Lulls and, suddenly, huge lava geysers that can reach hundreds of meters in height: a volcanic eruption has occurred for more than 50 days near Reykjavik, offering a new spectacle, visible even from the Icelandic capital.
Although a security perimeter has been enacted to protect the curious from the huge fragments of falling hot rocks, many people walk near the volcano in the Geldingadalir valley, near Mount Fagradalsfjall, 40 km from Reykjavik.
“It’s amazing to see that,” says Henrike Wappler, a German who lives in Iceland. “I feel very small in the face of the power of the Earth, but I am not afraid.”
A roar warns that the explosion is imminent in this uninhabited area of the Reikyan Peninsula in the far southwest of Iceland.
“It looks like a plane in the sky,” said Freija, the daughter of Wappler, one of more than 2,500 people who approached the area on Saturday. “It’s not every day that you can admire a volcano from so close. It’s something really incredible and magnificent,” she comments, sitting 500 meters from the crater.
Bright orange geysers light up the sky and can be seen tens of kilometers away, with the nights getting shorter and shorter in May.
The National Meteorological Office said one of the most intense lava jets observed exceeded 460 meters in height on Wednesday morning (5).
Biarki Brinjarsson, 25, enjoys a game of hide and seek, in which the crater is dark for several minutes with no apparent signs of activity, before the lava rises. “I’m waiting for the bomb to explode,” he said.
This cycling activity is eerily similar to that of Strokkur, Iceland’s most active water geyser, located 100 km east of Reykjavik.
In reality, “magma is flowing all the time, there is only modulation at the surface”, explains volcanologist Magnús Tumi Gudmundsson. “This is normal behavior. In fact, it is less common to have a continuous flow, without intermittence,” he adds.
The lava jets cause a shower of solid rock fragments, some still hot and potentially fatal, which fall several hundred meters from the crater.
Therefore, a permanent isolation perimeter was established with a radius of 400 meters around the active crater. It can be extended up to 650 meters depending on the wind.
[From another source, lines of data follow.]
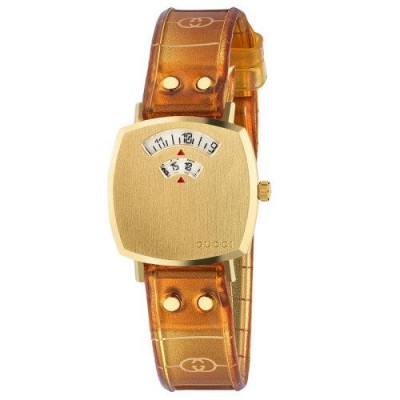 【包稅】預訂款1個月GUCCI/古馳女士石英機芯黃金PVD錶殼與透明的焦糖色再生橡膠錶帶GG印花Grip手錶27毫米663933I86108573
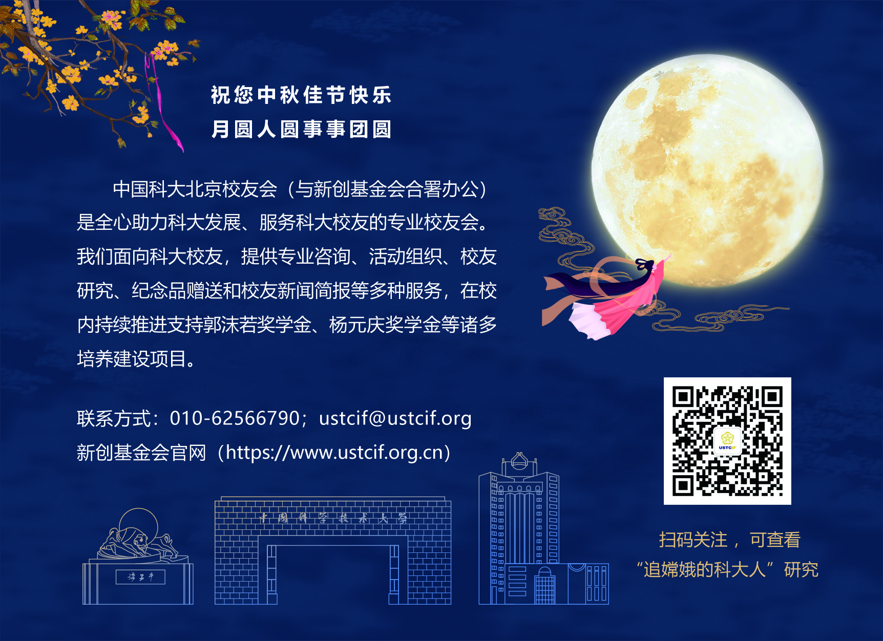 2021中秋佳节来临,中国科学技术大学北京校友会和新创校友基金会将为在京深造校友赠送1000枚中秋月饼(非免费,内含数枚中国科大定制款月饼),欢迎登记领取!
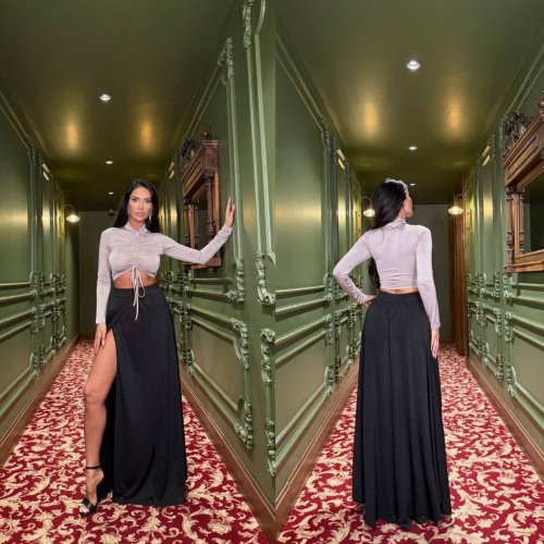 • Kadın asansör büzgü detay krom ve derin yırtmaçlı Maxi boy etek ikili takım

This eruption, which began on the night of March 19, is exceptional in several respects: more than eight centuries have passed since the last lava flow on the Reikianes peninsula and almost 6,000 years ago the eruption.
As a result of several cracks, many small craters have formed successively in Geldingadalir, only one of which is actually active.
Vulcanologists do not exclude any hypothesis on its duration, which can be a few months or even several decades.